Does anyone know how I can do these two things inside my batch file:
1. Check whether it was run directly or by a shortcut.
2. If run by a shortcut, get the "Start in" property of the shortcut that started it.
Thank you,
Orangu
UPDATE
I found sort-of a "hackish" way to fix the issue. For the shortcut I edited the "Target" field and changed it to the following:
cmd.exe /k pushd "C:\Temp" && "D:\Temp\Utilities\batchfile.bat"
Now the working directory can be obtained by calling %CD% in the batch file and this works for both administrator and normal users. It does not, however, work for the case when I run the batch file directly. I still need to use %~dp0 in that case.
I don't like this solution, however, because it requires me to manually change all shortcuts I make and it also makes the icon look like a cmd prompt icon rather than a batch file.
Have you already considered to not use shortcuts at all?
You could e.g. create a batchfile_exec.bat containing your call
REM optionally do
REM cd /D working_directory
REM if you want to force a special working directory
D:\Temp\Utilities\batchfile.bat
and replace all the shortcuts with batchfile_exec.bat. If you double-click batchfile_exec.bat, the working directory will be the one containing batchfile_exec.bat.

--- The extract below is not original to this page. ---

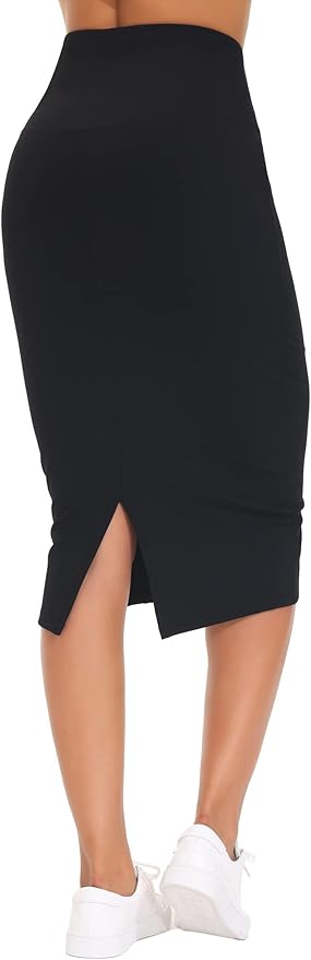 Women's High Waist Tummy Control Pencil Skirts Stretchy Bodycon Midi Skirt Below Knee with Back Slit

I personally don't like Windows shortcuts that much, because they are hard to handle within a revision control system. As you also noticed, it is very time consuming if you want to modify a lot of them.
By the way: If batchfile.bat was designed/written to be always run from the direcory where it is located, you might also consider to modify batchfile.bat to force that behaviour:
setlocal
cd /D %0\..
REM your original content
endlocal
In %0 the path to the batchfile is stored.

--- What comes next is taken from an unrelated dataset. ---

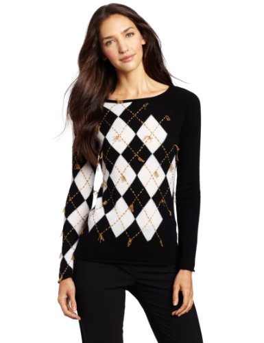 Minnie Rose Women's Long Sleeve Argyle Pullover

The trick is to assume that %0 is a directory and then to change one level lower based on that directory. With /D also the drive letter is changed correctly.
The cd command doesn't care if %0 is really a directory. In fact %d doesn't even have to exist (%0\dummy\..\.. would also work).
The setlocal command is to have the working directory being restored when batchfile.bat has finished (this would be good if batchfile.bat was called form another batch file).
I noticed that the endlocal command is not really necessary in this context since it is applied implicitly when batchfile.bat finishes.